#### Data

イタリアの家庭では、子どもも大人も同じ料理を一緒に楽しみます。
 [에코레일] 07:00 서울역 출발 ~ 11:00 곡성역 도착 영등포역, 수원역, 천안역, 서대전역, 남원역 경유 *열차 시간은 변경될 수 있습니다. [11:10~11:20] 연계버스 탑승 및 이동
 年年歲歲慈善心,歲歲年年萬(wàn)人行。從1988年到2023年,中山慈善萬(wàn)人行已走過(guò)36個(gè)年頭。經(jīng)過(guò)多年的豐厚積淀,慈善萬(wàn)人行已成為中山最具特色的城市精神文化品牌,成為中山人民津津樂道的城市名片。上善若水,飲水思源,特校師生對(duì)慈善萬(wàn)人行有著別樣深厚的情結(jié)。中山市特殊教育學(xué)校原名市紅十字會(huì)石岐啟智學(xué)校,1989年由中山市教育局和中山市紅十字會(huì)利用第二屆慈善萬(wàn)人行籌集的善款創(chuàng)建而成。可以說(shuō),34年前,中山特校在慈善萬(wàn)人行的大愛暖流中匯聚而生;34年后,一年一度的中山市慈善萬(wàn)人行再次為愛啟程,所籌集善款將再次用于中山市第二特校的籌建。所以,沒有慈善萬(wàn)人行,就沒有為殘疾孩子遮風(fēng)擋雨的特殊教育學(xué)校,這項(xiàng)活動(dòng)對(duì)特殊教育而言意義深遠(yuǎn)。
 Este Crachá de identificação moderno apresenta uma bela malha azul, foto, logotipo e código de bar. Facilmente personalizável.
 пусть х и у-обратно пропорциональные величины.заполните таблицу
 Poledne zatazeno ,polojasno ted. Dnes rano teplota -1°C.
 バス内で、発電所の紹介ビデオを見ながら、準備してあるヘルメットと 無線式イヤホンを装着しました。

########
#### Data

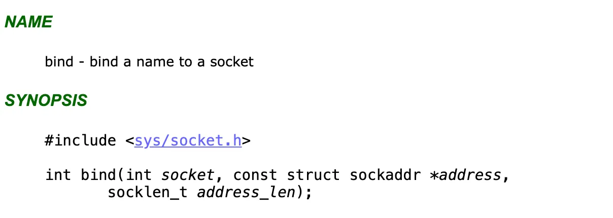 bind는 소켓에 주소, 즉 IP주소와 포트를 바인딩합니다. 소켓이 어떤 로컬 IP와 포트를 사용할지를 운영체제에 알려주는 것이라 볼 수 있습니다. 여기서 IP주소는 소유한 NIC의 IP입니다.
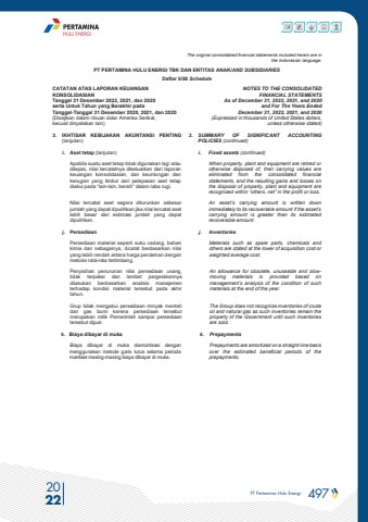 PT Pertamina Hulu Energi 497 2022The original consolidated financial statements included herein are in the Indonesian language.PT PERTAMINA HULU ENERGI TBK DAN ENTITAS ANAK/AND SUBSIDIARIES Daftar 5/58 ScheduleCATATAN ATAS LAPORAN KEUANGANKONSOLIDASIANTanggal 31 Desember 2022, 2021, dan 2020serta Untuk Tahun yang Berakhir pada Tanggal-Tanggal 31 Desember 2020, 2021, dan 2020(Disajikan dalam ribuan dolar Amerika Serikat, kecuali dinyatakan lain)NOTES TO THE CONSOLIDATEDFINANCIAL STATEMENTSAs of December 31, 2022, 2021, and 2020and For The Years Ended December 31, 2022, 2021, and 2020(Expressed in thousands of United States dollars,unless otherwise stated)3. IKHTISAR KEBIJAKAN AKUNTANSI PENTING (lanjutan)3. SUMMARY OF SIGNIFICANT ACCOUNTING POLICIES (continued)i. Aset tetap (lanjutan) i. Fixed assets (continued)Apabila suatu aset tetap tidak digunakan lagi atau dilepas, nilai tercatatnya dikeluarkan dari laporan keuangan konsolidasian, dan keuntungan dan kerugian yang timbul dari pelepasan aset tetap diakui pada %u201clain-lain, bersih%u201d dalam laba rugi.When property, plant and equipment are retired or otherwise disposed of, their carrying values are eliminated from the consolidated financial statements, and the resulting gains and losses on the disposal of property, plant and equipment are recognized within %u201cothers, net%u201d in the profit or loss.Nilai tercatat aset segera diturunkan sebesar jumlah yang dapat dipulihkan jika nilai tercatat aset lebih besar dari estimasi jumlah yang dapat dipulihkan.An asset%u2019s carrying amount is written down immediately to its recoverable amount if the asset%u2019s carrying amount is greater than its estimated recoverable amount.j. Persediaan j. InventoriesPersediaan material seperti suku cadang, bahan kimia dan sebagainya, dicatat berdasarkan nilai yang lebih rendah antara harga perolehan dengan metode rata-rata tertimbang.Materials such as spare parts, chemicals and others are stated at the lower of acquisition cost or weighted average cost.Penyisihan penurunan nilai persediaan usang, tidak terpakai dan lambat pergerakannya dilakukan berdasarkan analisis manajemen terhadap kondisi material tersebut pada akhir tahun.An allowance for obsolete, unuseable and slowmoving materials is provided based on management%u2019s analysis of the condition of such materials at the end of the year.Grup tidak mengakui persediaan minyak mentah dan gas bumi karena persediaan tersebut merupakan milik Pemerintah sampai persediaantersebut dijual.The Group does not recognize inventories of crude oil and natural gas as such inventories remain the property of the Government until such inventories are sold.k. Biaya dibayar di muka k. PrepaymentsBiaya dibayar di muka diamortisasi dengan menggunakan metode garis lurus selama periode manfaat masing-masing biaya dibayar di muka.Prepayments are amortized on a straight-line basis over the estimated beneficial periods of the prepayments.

########
#### Data

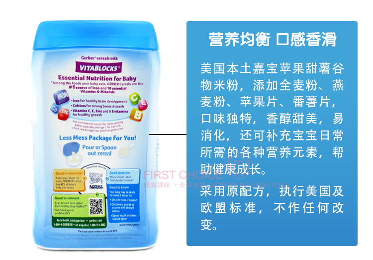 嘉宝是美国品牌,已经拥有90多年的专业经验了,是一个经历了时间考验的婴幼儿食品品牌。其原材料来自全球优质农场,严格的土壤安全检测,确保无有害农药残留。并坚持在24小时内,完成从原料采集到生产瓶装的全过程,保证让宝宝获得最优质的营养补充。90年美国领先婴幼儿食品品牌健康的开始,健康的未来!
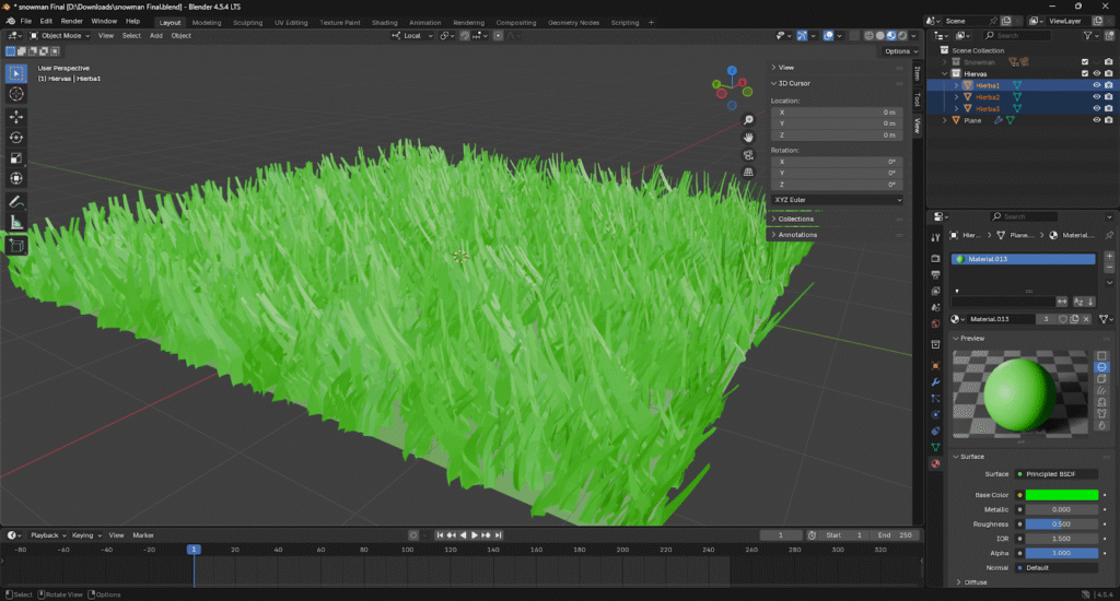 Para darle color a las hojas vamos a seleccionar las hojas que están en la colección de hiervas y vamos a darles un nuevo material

########

_Problem_. Go to the line in the material above that contains "イタリアの家庭では、子どもも大人も同じ料理を一緒に楽しみます。" and copy exactly from there through the line that contains "[에코레일] 07:00 서울역", stopping after it.

_Task answer_.
イタリアの家庭では、子どもも大人も同じ料理を一緒に楽しみます。
 [에코레일] 07:00 서울역 출발 ~ 11:00 곡성역 도착 영등포역, 수원역, 천안역, 서대전역, 남원역 경유 *열차 시간은 변경될 수 있습니다. [11:10~11:20] 연계버스 탑승 및 이동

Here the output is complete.